Goal of the exercise
Without any pictures, reproduce exactly the lines running from the line containing "在上游发生变化时,如何通知下" through the end of the entries.

Given data
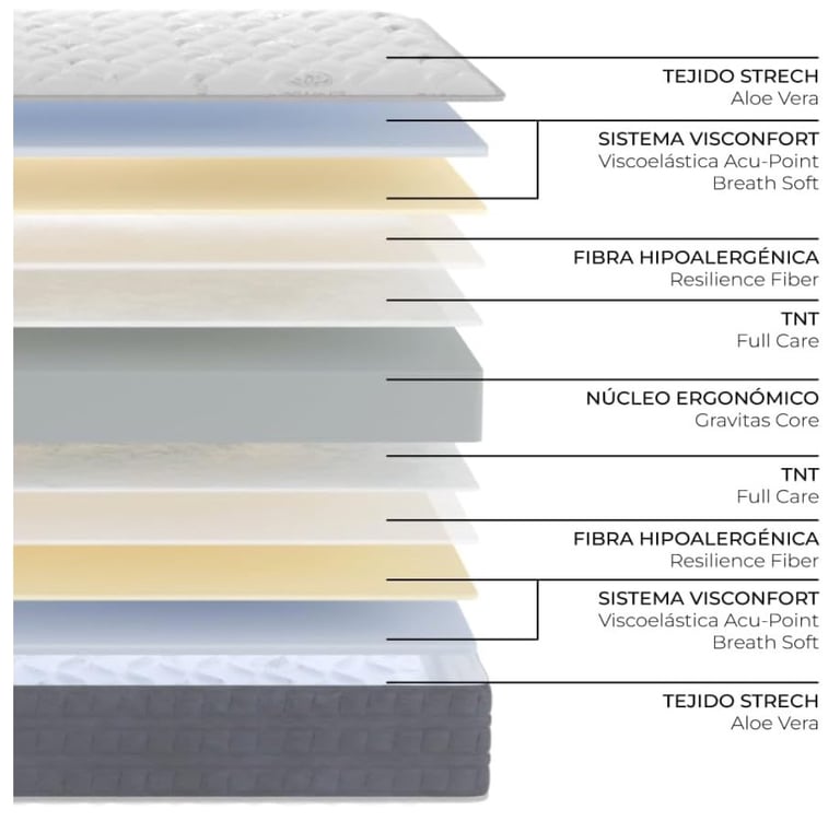 Combinación de Materiales: La combinación de espuma y viscoelástica puede ofrecer una buena combinación de soporte y confort.
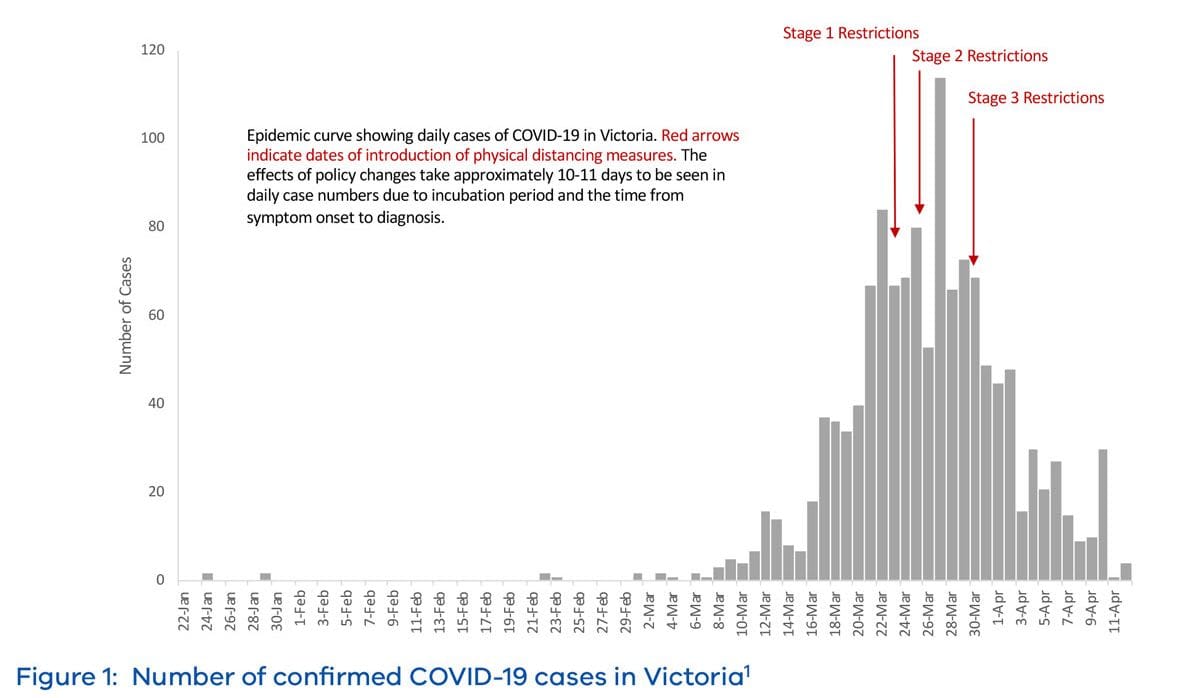 It’s measured by trajectory, and the trajectory of COVID-19 in Victoria has changed dramatically since Stage 3 restrictions were introduced in late March.
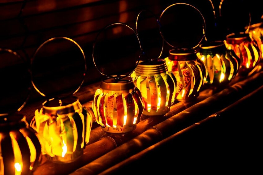 提著空山祭入口借來的小燈籠,照亮前行的路。今年向臺南新生里、空山老鐵們募集鋁罐,
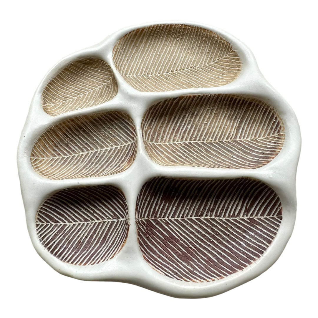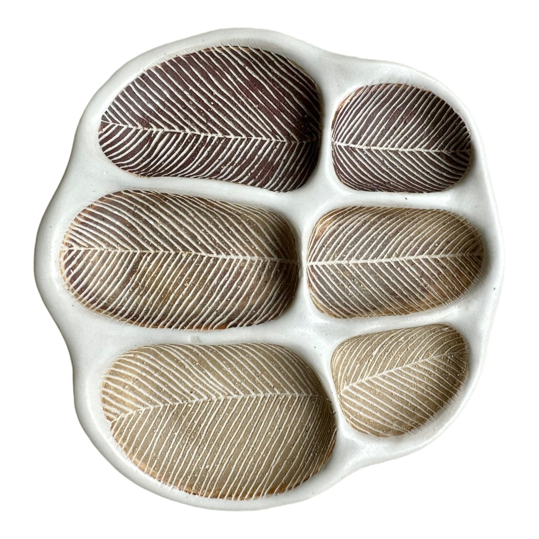 Hand Built with a beautiful soft clay, the pods are shaped into organic forms to resemble a natural found object. Fired to high temperatures for durability, and sealed with Liquid Quartz Sealer for safe use as food serve ware if desired.
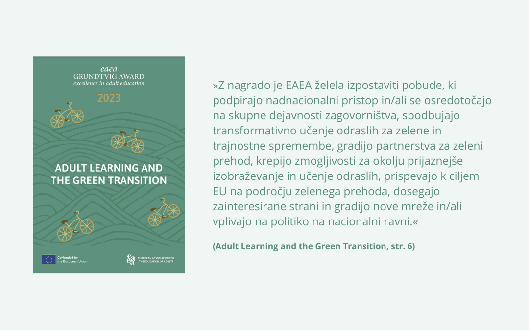 Evropsko združenje za izobraževanje odraslih – EAEA je je izdalo dve publikaciji o izobraževanju odraslih in zelenem prehodu. Prva prav s tem naslovom (Adult Learning and the Green Transition) je publikacija o nagradi EAEA Grundtvig Award 2023.
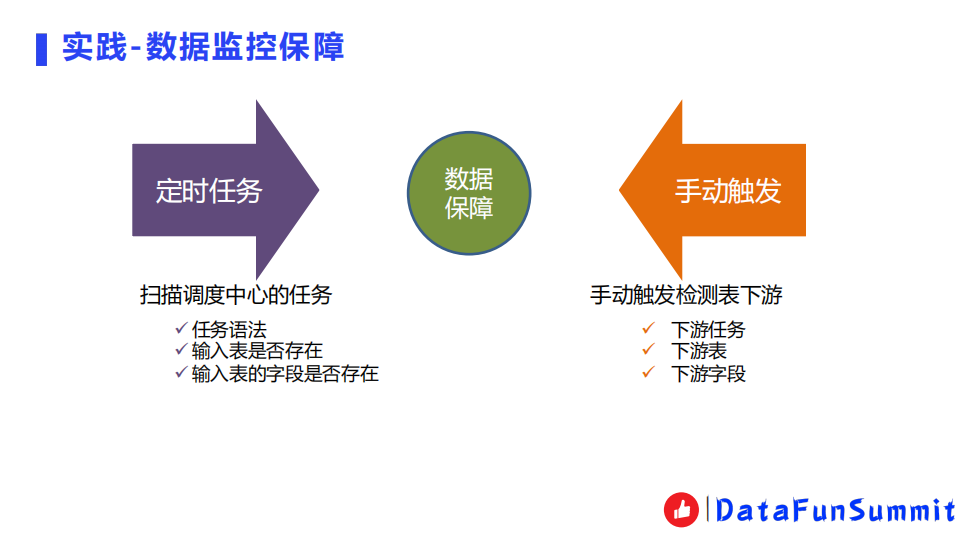 在上游发生变化时,如何通知下游?有赞有2个措施开展数据监控保障,包括定时任务和手动触发:
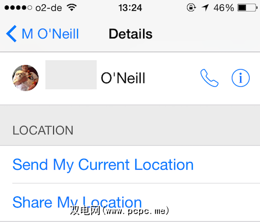 这仅适用于iMessage协议,因此其他人将需要iPhone,iPad或Mac电脑。他们可以在对话中的 Details (详细信息)按钮下查看您的位置。
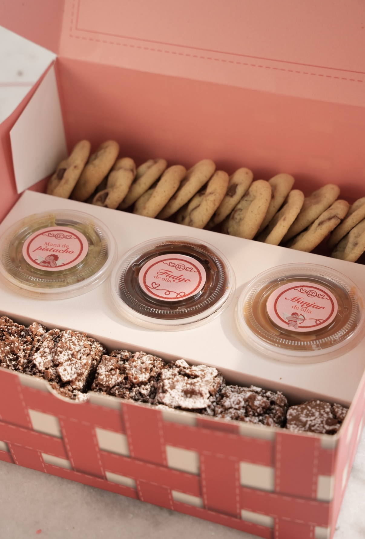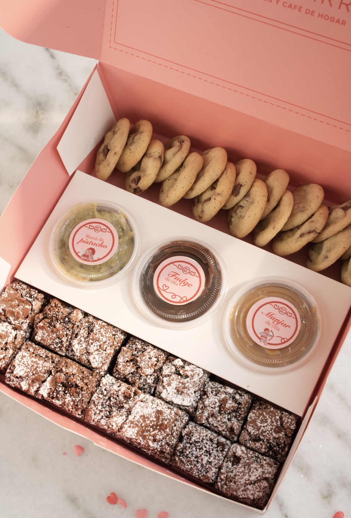 Un bucket pensado para compartir, incluye 14 mini brownies y 17 mini galletas chocochips.

Response area
 在上游发生变化时,如何通知下游?有赞有2个措施开展数据监控保障,包括定时任务和手动触发:
 这仅适用于iMessage协议,因此其他人将需要iPhone,iPad或Mac电脑。他们可以在对话中的 Details (详细信息)按钮下查看您的位置。
 Un bucket pensado para compartir, incluye 14 mini brownies y 17 mini galletas chocochips.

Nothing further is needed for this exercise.